General Mixture Models support serialization to JSONs using to_json() and from_json( json ). This is useful is you want to train a GMM on large amounts of data, taking a significant amount of time, and then use this model in the future without having to repeat this computationally intensive step.



In [20]:

    
print gmm.to_json()









    



{
    "weights" : [
        -0.5728610146854433,
        -0.8299061176753344
    ],
    "distributions" : [
        {
            "frozen" : false,
            "class" : "Distribution",
            "parameters" : [
                {
                    "A" : 0.3500000000000001,
                    "C" : 0.19999999999999993,
                    "T" : 0.29166666666666674,
                    "G" : 0.15833333333333327
                }
            ],
            "name" : "DiscreteDistribution"
        },
        {
            "frozen" : false,
            "class" : "Distribution",
            "parameters" : [
                {
                    "A" : 0.0905172413793103,
                    "C" : 0.46551724137931033,
                    "T" : 0.07543103448275859,
                    "G" : 0.3685344827586208
                }
            ],
            "name" : "DiscreteDistribution"
        }
    ],
    "class" : "GeneralMixtureModel"
}

Not the prettiest thing to look at right now.

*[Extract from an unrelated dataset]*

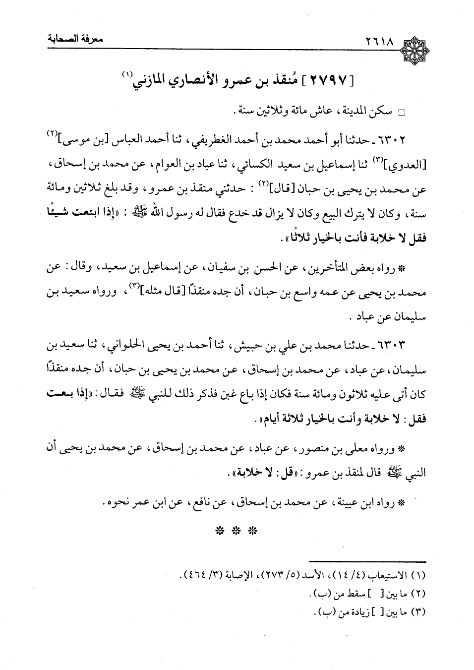 ٦٣٠٢ - حَدَّثَنَا أَبُو أَحْمَدَ مُحَمَّدُ بْنُ أَحْمَدَ الْغِطْرِيفِيُّ، ثنا أَحْمَدُ الْعَبَّاسُ بْنُ مُوسَى الْعَدَوِيُّ، ثنا إِسْمَاعِيلُ بْنُ سَعِيدٍ الْكِسَائِيُّ، ثنا عَبَّادُ بْنُ الْعَوَّامِ، عَنْ مُحَمَّدِ بْنِ إِسْحَاقَ، عَنْ مُحَمَّدِ بْنِ يَحْيَى بْنِ حَبَّانَ، قَالَ: حَدَّثَنِي مُنْقِذُ بْنُ عَمْرٍو، وَقَدْ بَلَغَ ثَلَاثِينَ وَمِائَةَ سَنَةٍ، وَكَانَ لَا يَتْرُكُ الْبَيْعَ , وَكَانَ لَا يَزَالُ قَدْ خُدِعَ، فَقَالَ لَهُ رَسُولُ اللهِ صَلَّى اللَّهُ عَلَيْهِ وَسَلَّمَ: " إِذَا ابْتَعْتَ شَيْئًا فَقُلْ: لَا خِلَابَةَ , فَأَنْتَ بِالْخِيَارِ ثَلَاثًا " رَوَاهُ بَعْضُ الْمُتَأَخِّرِينَ، عَنِ الْحَسَنِ بْنِ سُفْيَانَ، عَنْ إِسْمَاعِيلَ بْنِ سَعِيدٍ وَقَالَ: عَنْ مُحَمَّدِ بْنِ يَحْيَى، عَنْ عَمِّهِ وَاسِعِ بْنِ حَبَّانَ، أَنَّ جَدَّهُ مُنْقِذًا قَالَ مِثْلَهُ وَرَوَاهُ سَعِيدُ بْنُ سُلَيْمَانَ، عَنْ عَبَّادٍ

However, we can easily load it and use it immediately.



In [21]:

    
gmm_2 = GeneralMixtureModel.from_json( gmm.to_json() )
gmm_2.distributions









    Out[21]:





array([ {
    "frozen" :false,
    "class" :"Distribution",
    "parameters" :[
        {
            "A" :0.3500000000000001,
            "C" :0.19999999999999993,
            "T" :0.29166666666666674,
            "G" :0.15833333333333327
        }
    ],
    "name" :"DiscreteDistribution"
},
       {
    "frozen" :false,
    "class" :"Distribution",
    "parameters" :[
        {
            "A" :0.0905172413793103,
            "C" :0.46551724137931033,
            "T" :0.07543103448275859,
            "G" :0.3685344827586208
        }
    ],
    "name" :"DiscreteDistribution"
}], dtype=object)

gmm_2 is now ready to go, as if it was the original model!

Concluding Remarks

General Mixture Models are extremely powerful tools for unsupervised learning. pomegranate makes it easy to define, fit, and make predictions using these models. All the examples above have used the same distribution type for all the components of the mixture, but that is not a requirement, if your application requires varied distributions.